Sure… but maybe not in that way. The writing world treats adverbs like plague carrying super-roaches, and with good reason. Head below the fold to find out how your writing (whether it’s a novel, short story, or fanfiction) can benefit from careful consideration of this particular part of speech.
Why All the Hate?
Often, what the writer is hoping to accomplish with the adverb can be done by choosing a better verb or adjective.
Ran quickly = hurried, rushed, sprinted
Spoke softly = whispered, murmured
Very large = monstrous, towering, gargantuan
This is the flip-side to the previous problem. Maybe you pair an adverb with a compelling verb or adjective.
She crept quietly across the threshold.
What good is that adverb doing? Is there a way to creep that isn’t quiet? ‘Quietly’ isn’t telling you anything you don’t already know, so I can eliminate it.
You’ve heard the adage “show, don’t tell”, right? That’s all over writing advice websites. It applies to adverbs.
“That’s not the point,” Candace said angrily.

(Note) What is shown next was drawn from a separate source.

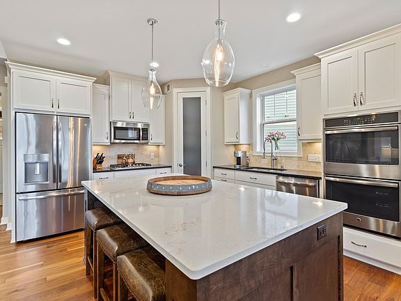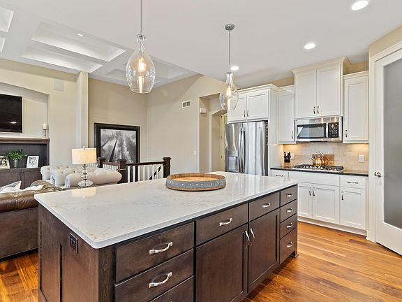 Don't miss this opportunity to own one of the most upgraded detached townhomes in The Spirit of Brandtjen Farms. this home is stunning and boasts beautiful white enameled wood work throughout, an open floor plan, coffered ceilings, upgraded lighting, Automatic Hunter Douglas blinds on 4 season porch and living room and wood floors. The chef's kitchen is appointed with double ovens, a huge center island and granite counters. Enjoy the four season porch all year, the front porch on warm summer nights. There is a stone surround fireplace on each level. The main level owner's suite has a dream bathroom and large walk-in-closet. lower level has 2 bedrooms and a Family Room large enough to have the whole extended family over in one room, an exercise room and an amazing amount of inside storage. The three car garage is large enough for all your recreational equipment. The development has a wonderful club house with inground pools and parks throughout.
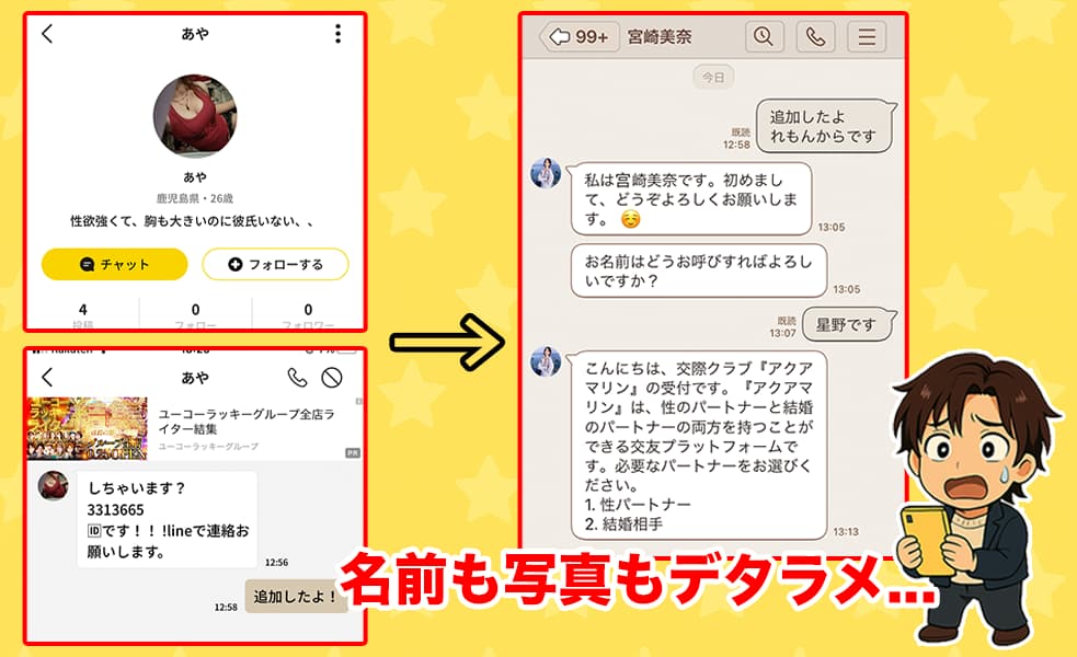 本人確認や年齢認証なしで使えるアプリは、未成年や業者が混ざるためリスクが非常に高い!安全管理体制が整っていない可能性もあるから注意が必要ってこと。

I’ve told you that Candace is angry, but I didn’t illustrate it. In a better version, I would convey her anger without having to fill in that blank for you.
"That’s not the point,” Candace said, slamming her palm against the desk.
Now, not only do you know that Candace is angry, you know that she’s prone to expressions of violence when she gets that way.
So, sure, you could spend a few hours (days, weeks…) crossing out every –ly word (etc.) in your manuscript. But, that would miss the point. Adverbs are smoke pillars that indicate weak writing, but they are not weak writing by themselves.
There is a camp of the literary world that insists on scrubbing out every adverb in the name of "better writing”, but I find that those people are few and fanatical. When you read “eliminate adverbs”, what you’re really seeing is “be precise in your writing”. Use the right words for the right job. Sometimes, that right word will be an adverb.
I never trust someone who double-knots their shoelaces.
We’ll go to Disney World when the zombie apocalypse blows over.
Even those scandalous –ly adverbs can get in on the action as long as they serve a purpose.
“It was how she examined and selected the limbs that freaked Teller out. Gently, delicately. Almost lovingly.”
That’s from “That Which Does Not Kill You” by Matt Moore. Why does it work? Because the adverbs provide such a stark contrast to how the reader expects someone to 'examine and select limbs’. The adverbs, in this case, add something that is necessary to the story.
What Do You Do About It?
Write how you feel comfortable—adverbs and all. You shouldn’t tie down that initial brain dump of ideas and scenes with publishing dogma. Write badly, then revise. When you go back through, though, find those adverbs and consider each one carefully. What does the sentence lose if you remove it? Is there a more descriptive way to paint the scene for the reader?
Don’t follow rules just because they exist. Understand why people with more experience than you created them in the first place. Once you know that, you know when you benefit from breaking them. Your writing will be stronger for it.